Маленькое существо глубоко вздохнуло, но кричать не стало. Мало того — зевнуло. И свернулось калачиком в маленьком-маленьком уголке внутри черной-пречерной норы, приготовившись видеть сны, которых никогда раньше не видело.
Грета без сил опустилась в кресло.
Дверь жестяной хижины закрылась раньше, чем Ансельмо успел вымолвить хоть слово. А слов у него скопилось много. Кто этот старик? Откуда он знал, что искал Ансельмо? Что еще старик знал о нем? Он знал о других посланиях? Он знал обо всех посланиях, которые вручал Ансельмо? Откуда? Он знал Грету? Что в этом письме? Кто его написал?
Письмо было для Греты. Ей его кто-то написал. Когда? Почему? Кто? Что в этом письме?
Вопросы кружились в голове как частицы пыльцы, и никто не мог на них ответить. Ни отец, ни Дзено, ни этот старик. Ансельмо постучал в закрытую дверь.
Тишина.
Он постучал сильнее.
Никого.
Он ударил ногой по притолоке так, что хижина задрожала. Одна из коз грозно заблеяла, но старик так и не вышел. Ансельмо повертел конверт в руках. Он впервые знал получателя послания, и было совсем не просто устоять перед искушением и не открыть конверт. Старик соврал: на этот раз все было сложнее. Ансельмо гнал от себя навязчивую мысль, давя на педали. Он вернулся к холму, ведущему к километру цемента, в котором жила Грета, и остановился под ее окнами. В квартире горел свет. Но не в комнате Греты. Может, в гостиной. Ансельмо увидел силуэт женщины в окне. Наверное, ее мать. Серена. Грета ему пару раз говорила о ней. Немного и неохотно. Если он вручит конверт сейчас, мать, конечно же, его вскроет. Грете это вряд ли понравится. Он решил подождать. Он вручит его завтра. Лично. Из рук в руки.
Ансельмо положил письмо в карман и поехал домой. За его спиной женщина в окне говорила по телефону со своей дочерью. Долго и очень охотно.
— Но почему ты мне сегодня утром ничего не сказала?
— Потому что я только сейчас решила остаться, мама.
— Ты точно там никому не помешаешь?
— Эмма говорит, что все о’кей, Лючия тоже здесь…
— Так у вас пижамная вечеринка?! — обрадовалась Серена.
— Что-то вроде…
— Вы ногти накрасили?

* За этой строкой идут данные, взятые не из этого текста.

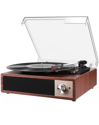 Platine Vinyle, FYDEE Tourne-Disque Vinyle Bluetooth Portable avec 3 Vitesses 33/45/78 TR/Min, Haut-Parleurs Intégrés, Prise 3.5mm, Sortie RCA, Entrée AUX - Noyer Noir
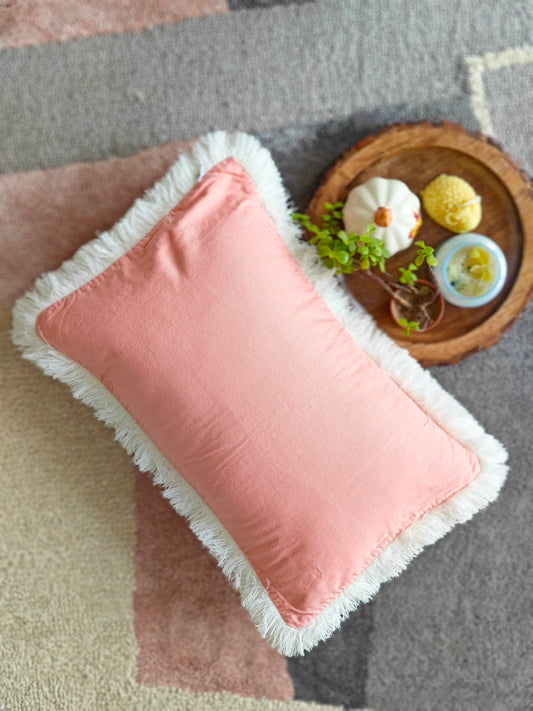 Pastel Peach Soft Textured Rectangle(12*18)Cushion Cover With White Fringe Detail Set of 2

С ненакрашенными ногтями нельзя.
— Я — нет, а они накрасили.
— Золотце, накрась себе тоже. С лаком лучше, более женственно.
— Мне лень. И потом я не умею.
— Я тебя научу. У меня очень хорошо получается. У нас столько лака в доме!
Да уж… Мать, когда бывала дома, только и делала, что красила ногти. Было что-то невероятно грустное в этом ее одиноком сидении и в запахе лака для ногтей по всей квартире. Грустное и совершенно бесполезное. С ее работой лак не держался и нескольких часов. Лак слезал, и Серена наносила его снова.
— В следующий раз мы пригласим девочек к нам, да? Устроим лаковую вечеринку!
Пожалуй, это последнее, чего бы Грете хотелось в жизни. Но чем еще успокоить Серену, одинокую любительницу лака для ногтей?
— Хорошо.
Мать на секунду успокоилась, потом снова перешла в атаку:
— Не ешь много сладкого.
Поздно. Запасы шоколада в доме Килдэр иссякли, переместившись, по большей части, в желудок Греты.
— Хорошо, мама.
— Грета! — вдруг забеспокоилась Серена. — А пижама у тебя есть?
Прямо в яблочко.
— Мне Эмма одолжила, — призналась Грета.
Ну, сейчас начнется.
— Знаешь, по-моему, это не очень прилично заваливаться в чужой дом, да еще надевать чужие…
— Серена!
Когда дочь называла ее по имени, это означало только одно: хватит! Серена давно это усвоила.
— Ладно, ладно, прости… я рада, что у тебя новые подруги.
Грета молчала, ожидая подвоха.
— Веселой вечеринки! Только не сидите допоздна. Спокойной ночи.
Никакого подвоха. Похоже на конец разговора. Вот так, с тихой грустью в мамином голосе, казавшемся слаще любого шоколада.